*Task*: Below are entries with pictures among them; reproduce exactly, and only, the lines from the one containing "Ranepur Rasoolabad village" down to the one containing "Bold and Playful", without the pictures.

*Material to process*:
-=-=-=-=-
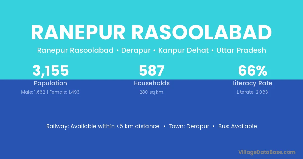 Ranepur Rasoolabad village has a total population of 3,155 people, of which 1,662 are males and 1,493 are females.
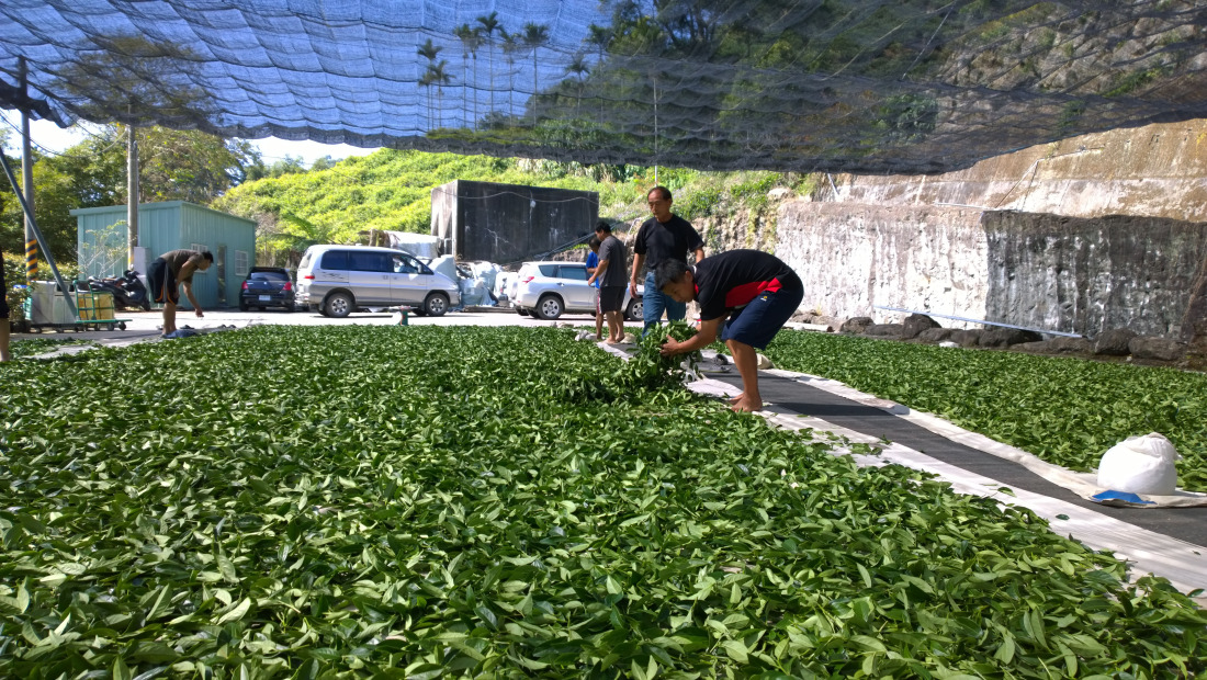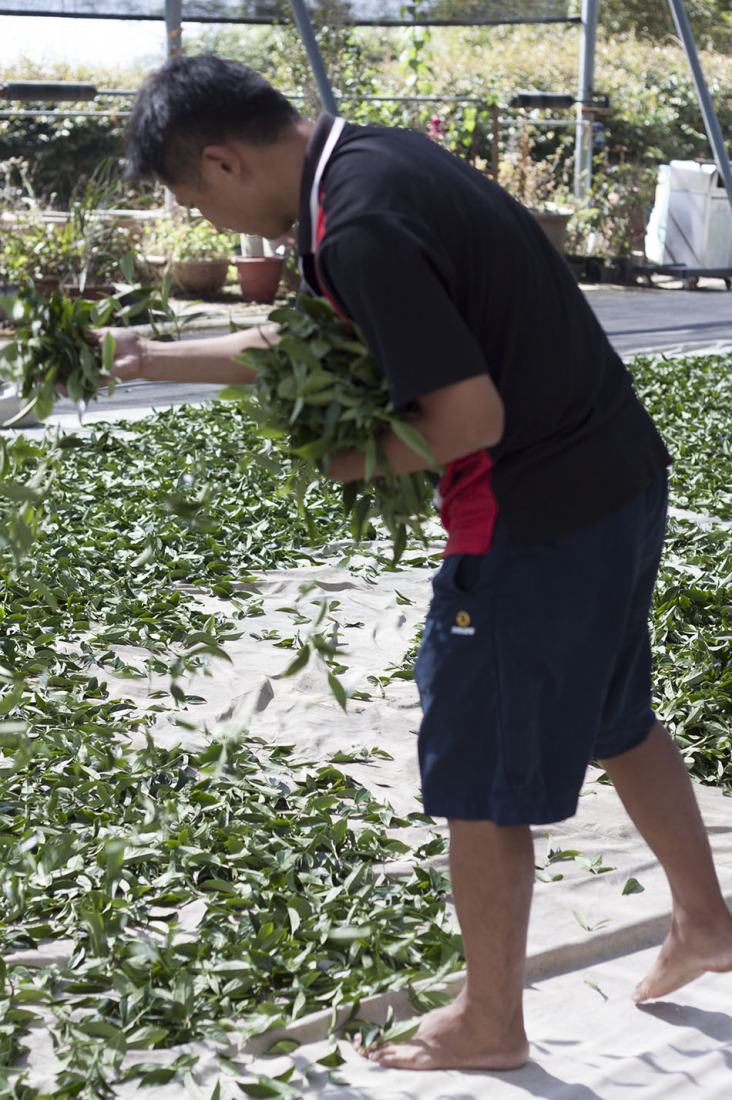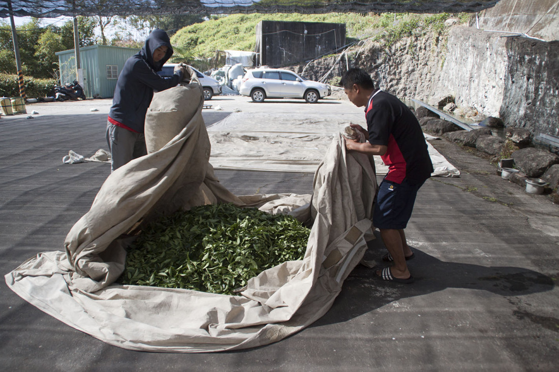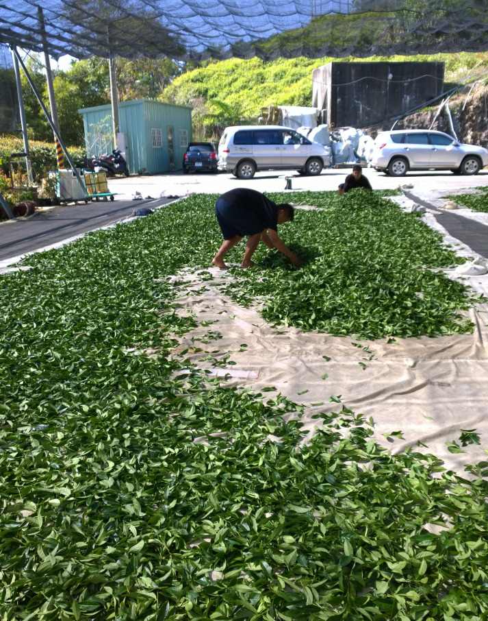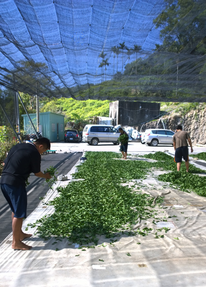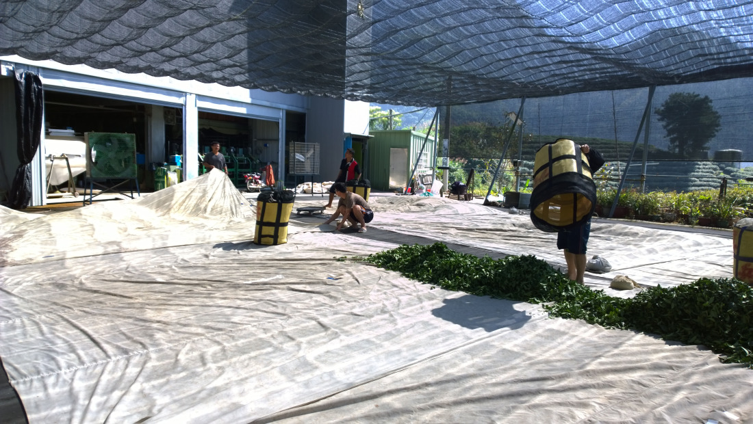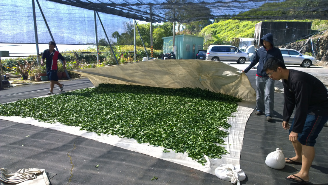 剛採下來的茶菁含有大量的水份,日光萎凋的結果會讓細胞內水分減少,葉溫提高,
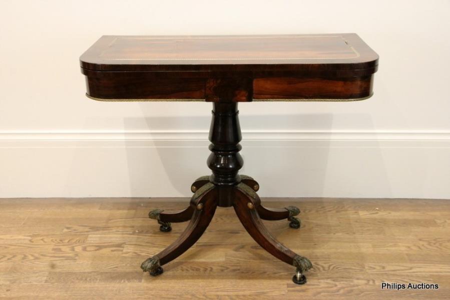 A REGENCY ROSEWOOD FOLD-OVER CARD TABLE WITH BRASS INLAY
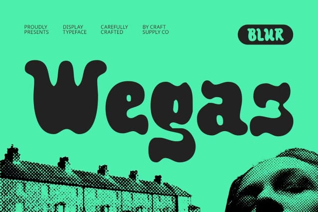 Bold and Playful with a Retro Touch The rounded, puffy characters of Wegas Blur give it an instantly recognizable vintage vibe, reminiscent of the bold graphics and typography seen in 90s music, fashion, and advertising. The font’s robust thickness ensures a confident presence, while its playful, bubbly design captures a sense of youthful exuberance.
-=-=-=-=-
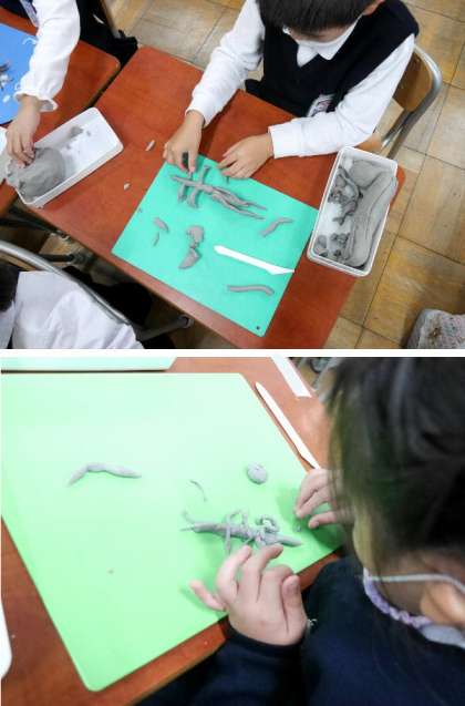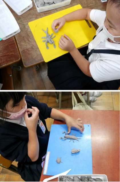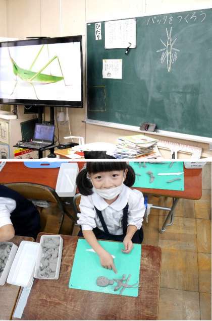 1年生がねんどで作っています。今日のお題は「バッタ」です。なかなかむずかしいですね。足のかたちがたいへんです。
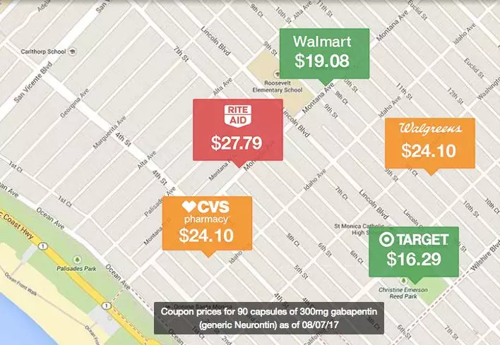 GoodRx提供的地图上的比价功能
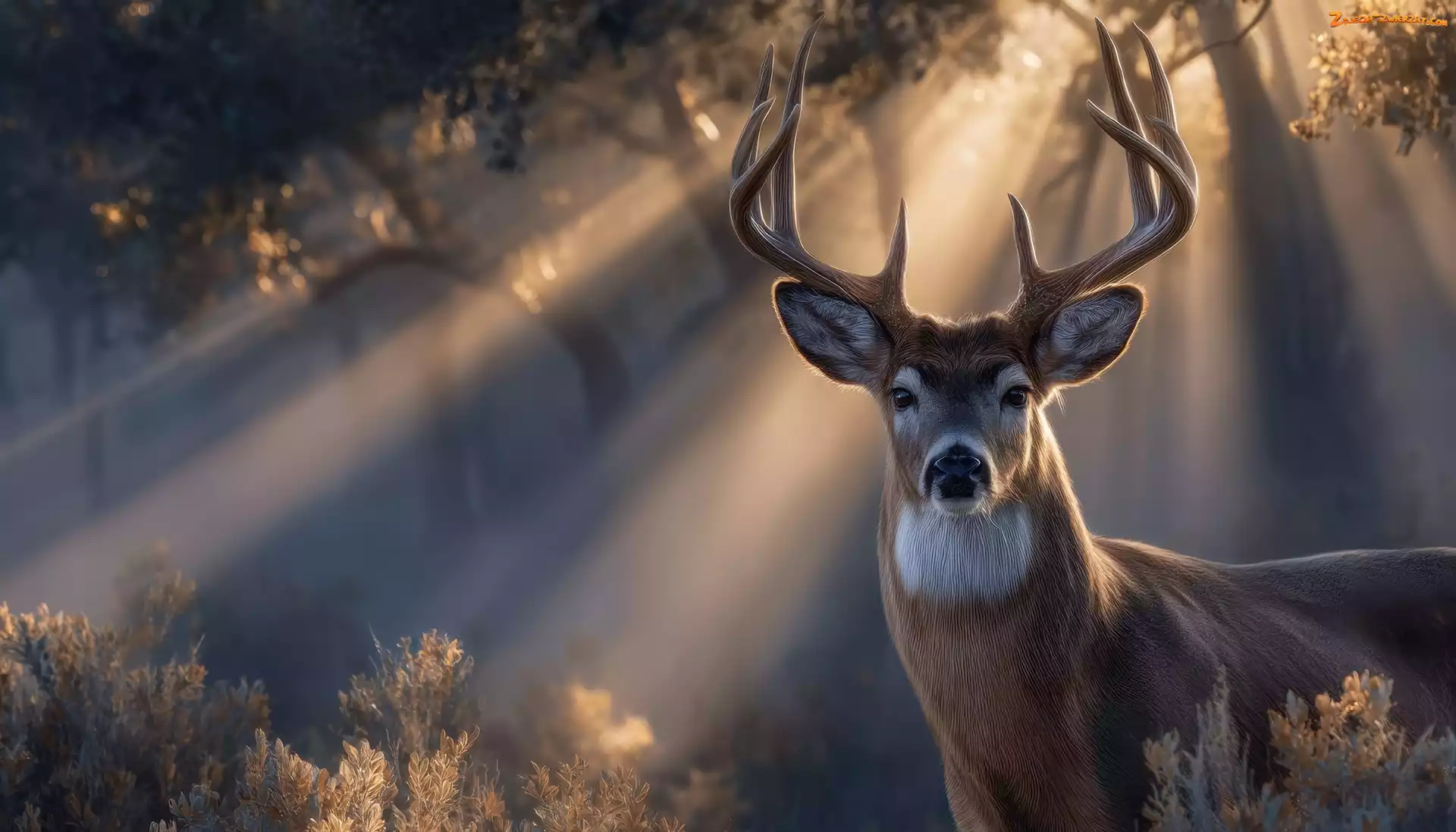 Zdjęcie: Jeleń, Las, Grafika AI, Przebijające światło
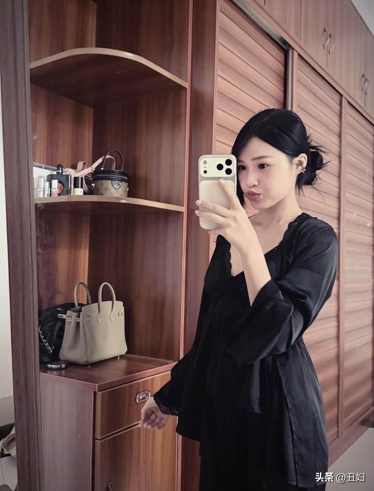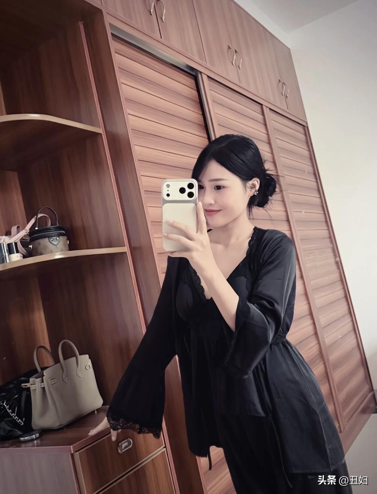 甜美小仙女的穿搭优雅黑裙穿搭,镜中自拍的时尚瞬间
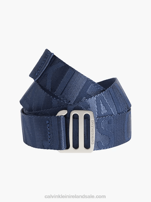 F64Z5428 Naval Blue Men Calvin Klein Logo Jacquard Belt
-=-=-=-=-
*Your response*:
 Ranepur Rasoolabad village has a total population of 3,155 people, of which 1,662 are males and 1,493 are females.
 剛採下來的茶菁含有大量的水份,日光萎凋的結果會讓細胞內水分減少,葉溫提高,
 A REGENCY ROSEWOOD FOLD-OVER CARD TABLE WITH BRASS INLAY
 Bold and Playful with a Retro Touch The rounded, puffy characters of Wegas Blur give it an instantly recognizable vintage vibe, reminiscent of the bold graphics and typography seen in 90s music, fashion, and advertising. The font’s robust thickness ensures a confident presence, while its playful, bubbly design captures a sense of youthful exuberance.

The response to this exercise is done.